Garder une perspective révolutionnaire dans un contexte difficile

Au-delà de ces enjeux immédiats, en tant qu'organisation révolutionnaire, nous réfléchissons aux formes que pourrait prendre la contestation du pouvoir en place par les travailleurs·ses, quelles cristallisations politiques et organisationnelles pourraient permettre à notre classe de franchir des étapes significatives. En effet, celles-ci sont ballottées, très rapidement, entre d'un côté un rejet de toutes les organisations, une contestation du pouvoir dans la cadre du système, et de l'autre un fort suivisme vis-à-vis des directions syndicales ou des appareils politiques réformistes. C'est pour cela que nous portons la perspective d'un gouvernement des travailleur·ses, un gouvernement de rupture qui mette en œuvre les revendications du mouvement social, en formulant les bases de son programme à partir de la réalité du mouvement actuel. L'objectif est de faire le pont entre les mobilisations et la colère contre le système et la nécessité de formuler une perspective politique, que les masses concrétisent essentiellement d'un point de vue institutionnel. C'est d'ailleurs pour cela qu'il est capital de lier le mot d'ordre de gouvernement de rupture avec des revendications radicales, voire anticapitalistes, sur les salaires, la réquisition des banques, l'échelle mobile des heures de travail, l'ouverture des frontières, etc.

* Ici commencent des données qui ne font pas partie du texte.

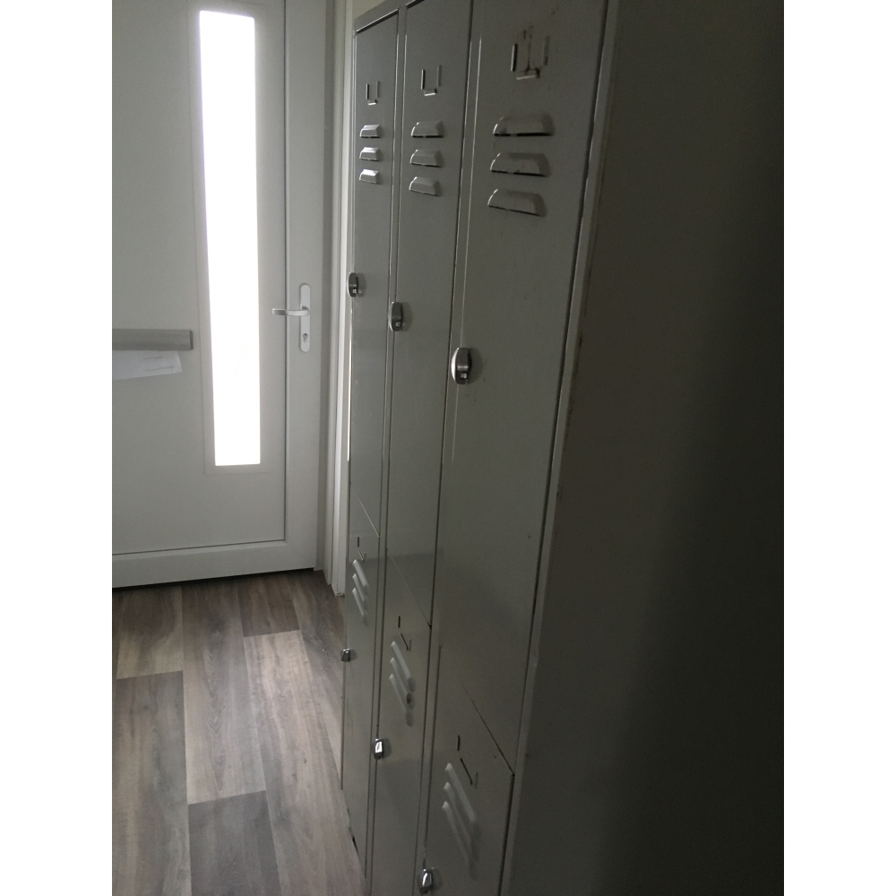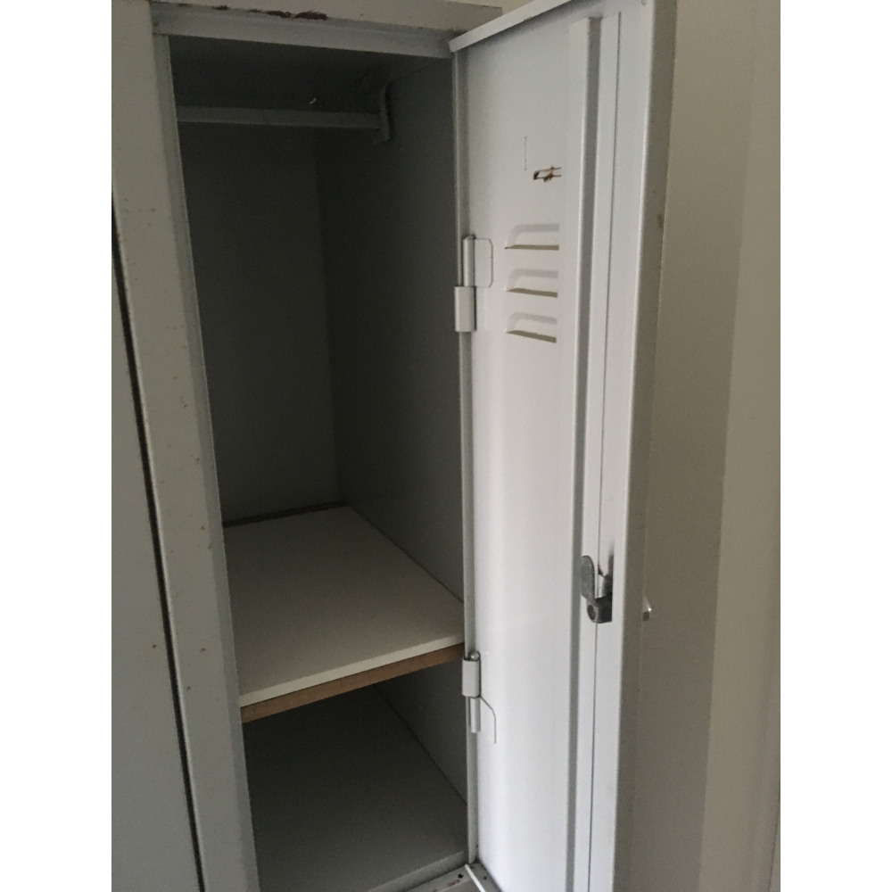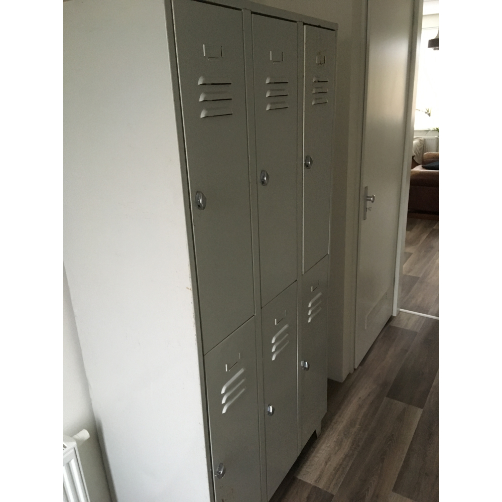 Prachtige ijzeren lockerkast uit een oude werkplaats! Deze metalen lockerkast is robuust, zwaar en voorzien van 6 deurtjes met daarachter heel veel opbergruimte. Eenvoudig te voorzien van legplanken, ideaal als kledingkast op de kinderkamer of als opbergkast voor alle speelgoed. De afmetingen van deze stoere kast zijn ongeveer 100cm bij 60 cm, de hoogte is ongeveer 185cm. Alleen af te halen!

Dans le cadre d'une mobilisation de masse qui viendrait à contester réellement le pouvoir, le présidentialisme et le fonctionnement des assemblées parlementaires, il nous faut en même temps populariser le mot d'ordre d'assemblée constituante, rejetant la 5e République et remettant en question tous les fondements de la société, en ayant la préoccupation que ce mot d'ordre ne serve pas à faire rentrer dans le champ institutionnel le débordement des masses et qu'il trouve écho dans les milieux mobilisés, qu'il renforce la dimension politique de l'auto-organisation.

Dans tous les cas, la reconstruction d'un projet politique global, écosocialiste, est à l'ordre du jour, quelque chose qui vaille le coup de se battre, qui rompe avec le défaitisme et permette à notre classe de rêver à nouveau à des jours meilleurs pour y puiser la force de se battre !

Le 24 octobre 2025

Notes

1. « Comptes trimestriels (base 2020) - Acquis de croissance du Produit intérieur brut », INSEE, 16 octobre 2025.

2. « [Rapport] La dette de l'injustice fiscale – Comment la diminution des recettes publiques et les cadeaux fiscaux ont creusé la dette publique », 26 mars 2025, Attac France.

3. « Un coût annuel de 211 milliards d'euros : la commission d'enquête du Sénat sur les aides publiques aux entreprises réclame un “choc de transparence” », Guillaume Jacquot, 8 juillet 2025, Public Sénat.

4. « Lutte contre la fraude fiscale : "il y a peu de grain à moudre" selon la Cour des comptes ! »,18 avril 2025, Solidaires Finances publiques.

5. « Les systèmes militaro-industriels pourraient représenter des noyaux totalitaires de notre société », entretien avec Claude Serfati, 11 juillet 2025, Inprecor n° 733.

6. « Défense : une avalanche d'argent public électrise l'industrie européenne », Cécile Boutelet et Olivier Pinaud, 22 octobre 2025, Le Monde.

7. « À la source de l'impasse politique, la crise économique », Romaric Godin, 5 septembre 2025, Mediapart.

8. « Sociologie des électorats - Législatives 2024 », 30 juin 2024, IPSOS.